Evaluate $\sum_{n = 1}^{99} \frac{2}{\sqrt{n} + \sqrt{n + 2}}.$
Listing out a few terms and simplifying the denominators gets me $$-1+\sqrt{3}+2-\sqrt{2}-\sqrt{3}+\sqrt{5}\cdots-\sqrt{97}+3\sqrt{11}-7\sqrt{2}+10-3\sqrt{11}+\sqrt{101}.$$
A lot of these terms cancel, and I think that the first and last terms will be left.
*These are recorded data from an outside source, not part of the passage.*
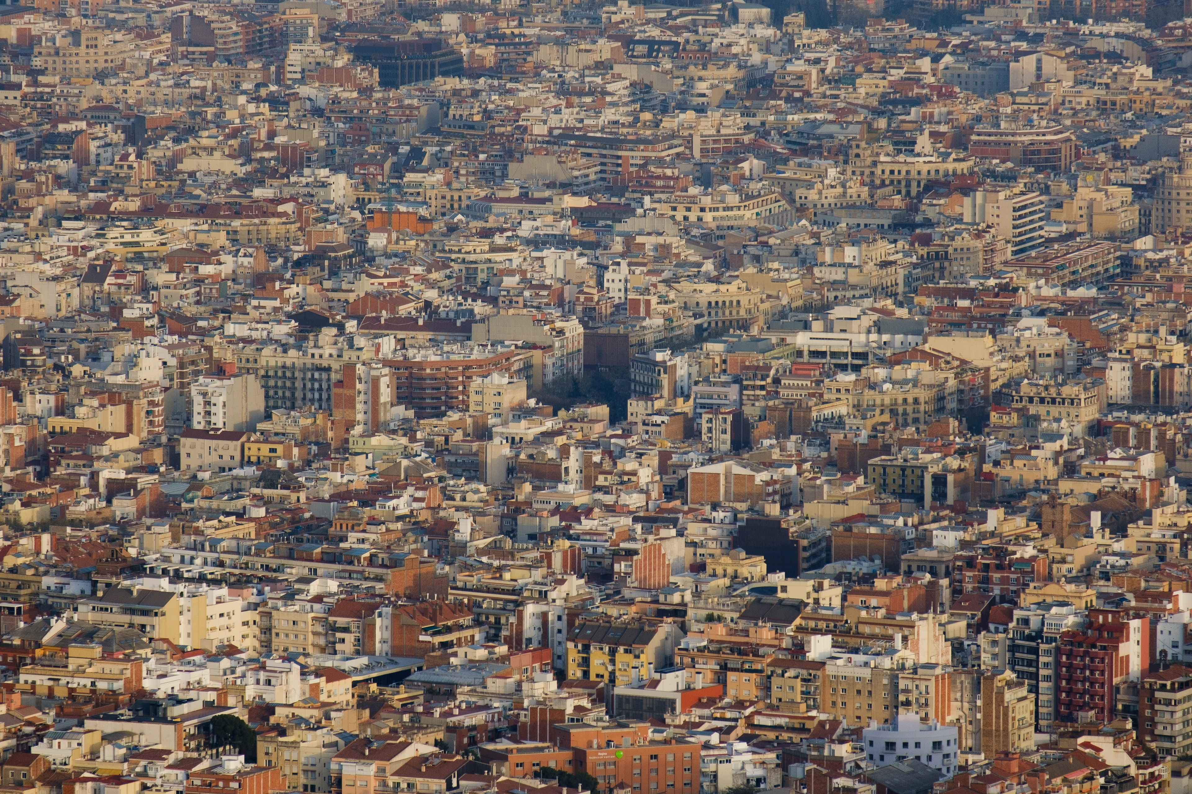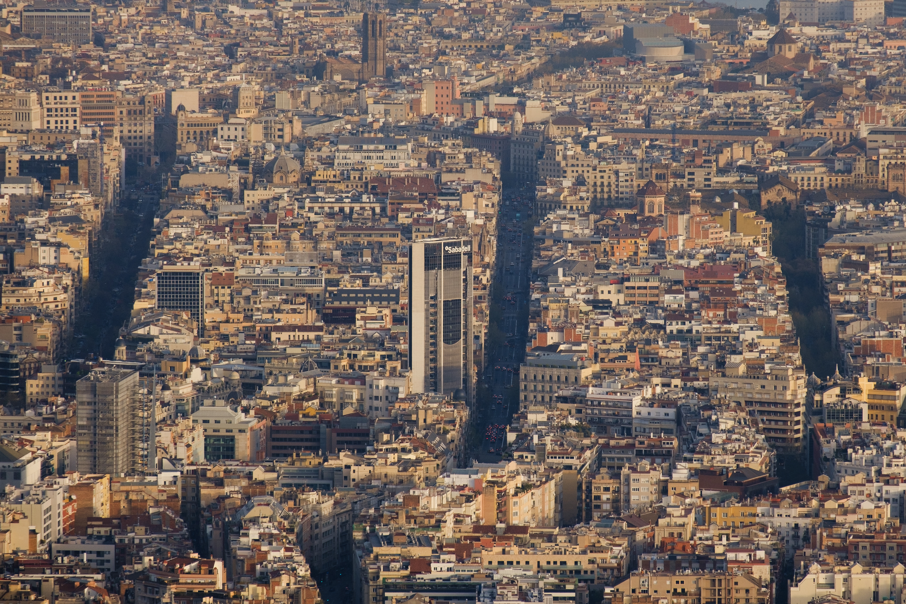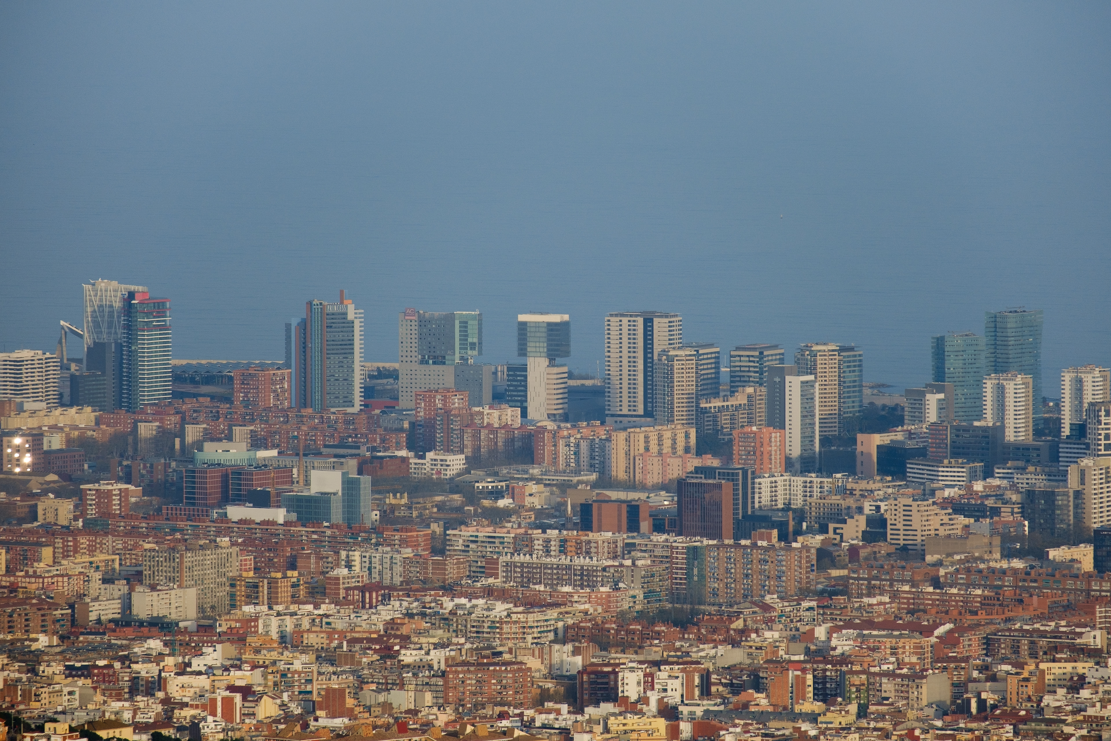 Contrasting perspectives of Barcelona, the streets of Poblenou and distant skyline viewed from Tibidabo.
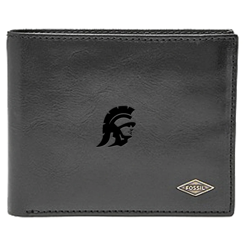Men's Fossil Black USC Trojans Leather Ryan RFID Flip ID Bifold Wallet
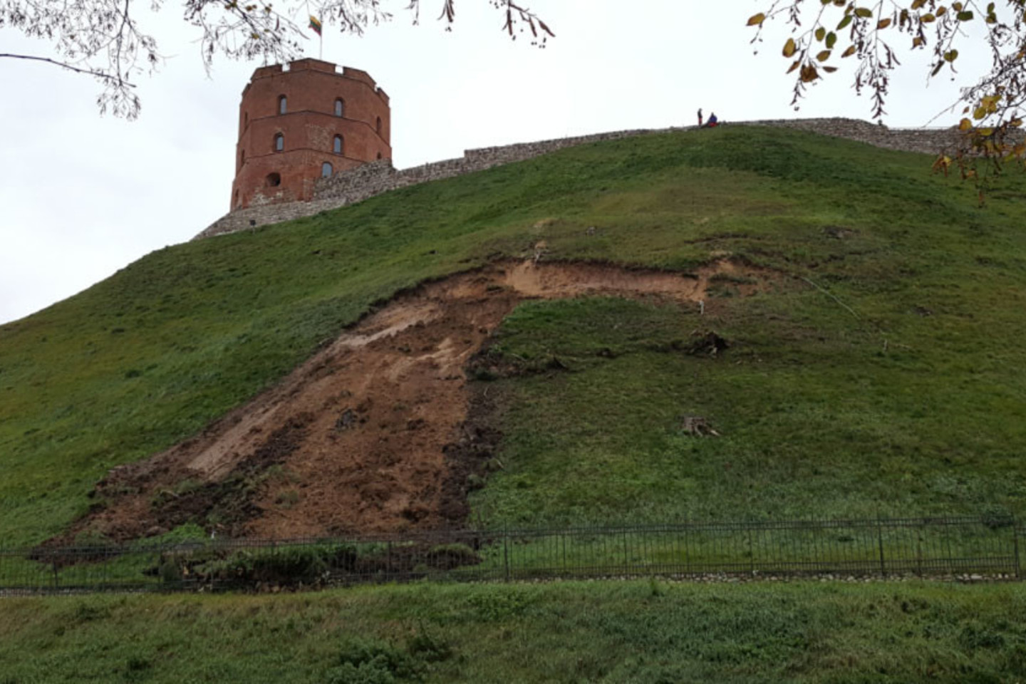 „Savaitgalį ant Gedimino kalno įvyko dvi nedidelės paviršinės nuošliaužos. Penktadienį pietvakariniame šlaite įvyko paviršinė nuošliauža. Pasekmės buvo operatyviai pašalintos, šlaitas nuplaniruotas. Vakar rytiniame šlaite jau anksčiau susiformavusi nuošliauža pasislinko žemyn ir atsirėmė į specialiai suformuotą grunto atramą. Visos nuošliaužos yra paviršinės, kalno pagrindiniai sluoksniai nėra pažeisti. Juda tik technogeninis daugiau nei prieš 15 metų supiltas sluoksnis“, – BNS pirmadienį teigė kultūros ministrės patarėjas Viktoras Bachmetjevas.
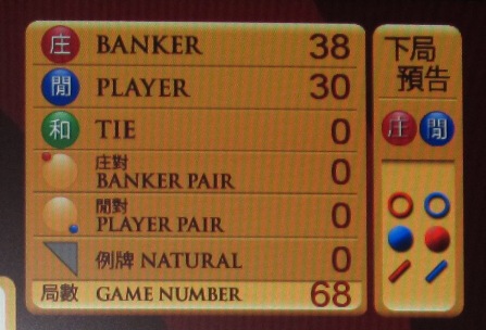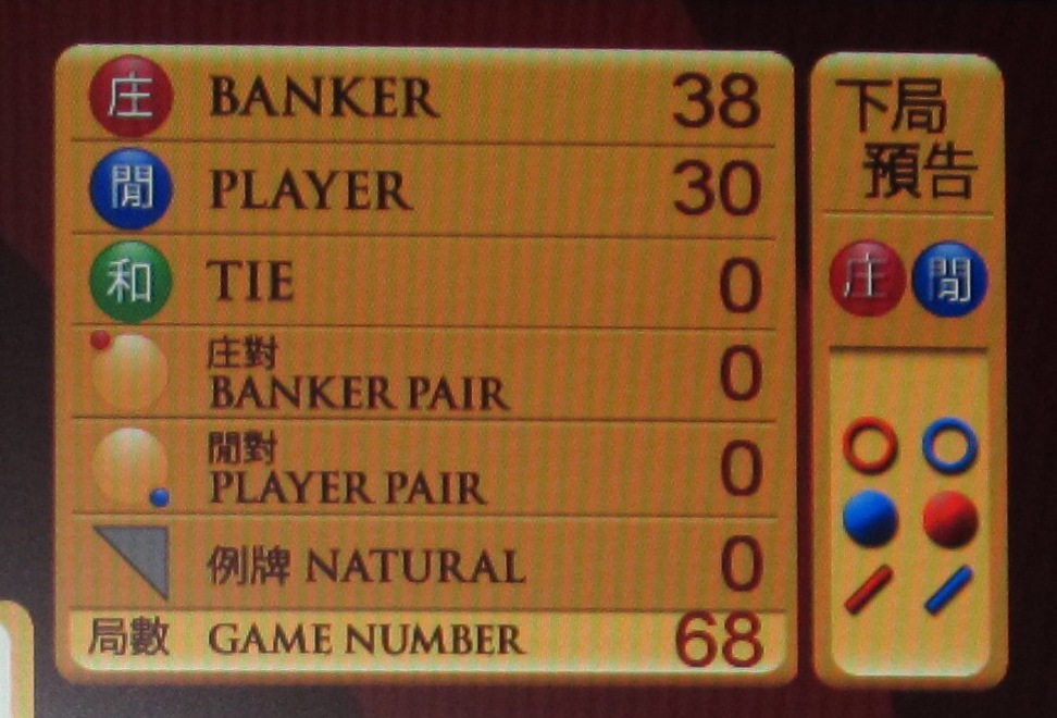 Por fim, a imagem acima mostra a parte superior direita da tela. A parte esquerda mostra as estatísticas gerais do baralho, indicando a frequência com que cada aposta foi vencedora. Este não é um exemplo muito realista, pois incluí apenas vitórias do Jogador e do Banqueiro, para fins de demonstração. A parte direita mostra o que acontecerá com as cartas Big Eye Boy, Small Road e Cockroach Pig, dependendo se a próxima mão for uma vitória do Jogador ou do Banqueiro.

I feel like I'm close, but missing something.
On
HINT:
Note that we have
$$\frac1{\sqrt n+\sqrt{n+2}}=\frac{\sqrt{n+2}-\sqrt n}{2}$$
Now telescope.
On
Let $ m \in\mathbb{N}^{*} : $
\begin{aligned}\sum_{n=1}^{m}{\frac{2}{\sqrt{n}+\sqrt{n+2}}}&=\sum_{n=1}^{m}{\left(\sqrt{n+2}-\sqrt{n}\right)}\\ &=\sum_{n=1}^{m}{\left(\sqrt{n+2}-\sqrt{n+1}\right)}+\sum_{n=1}^{m}{\left(\sqrt{n+1}-\sqrt{n}\right)}\\ \sum_{n=1}^{m}{\frac{2}{\sqrt{n}+\sqrt{n+2}}}&=\sqrt{m+2}-\sqrt{2}+\sqrt{m+1}-1\end{aligned}
We can rewrite the sum as:
$$\sum_{n=1}^{99} \frac{2}{\sqrt{n} + \sqrt{n+2}}\frac{\sqrt{n+2} - \sqrt{n}}{\sqrt{n+2} - \sqrt{n}}= \sum_{n=1}^{99} \sqrt{n+2} - \sqrt{n}$$
It's a telescopic sum, where most of the terms are cancelled.
We can expand it:
$$\sum_{n=1}^{99} \sqrt{n+2} - \sqrt{n}= (\sqrt{3}-\sqrt{1})+(\sqrt{4}-\sqrt{2})+(\sqrt{5}-\sqrt{3})+\dots+(\sqrt{101}-\sqrt{99})=\sqrt{100}+\sqrt{101}-\sqrt{1}-\sqrt{2}$$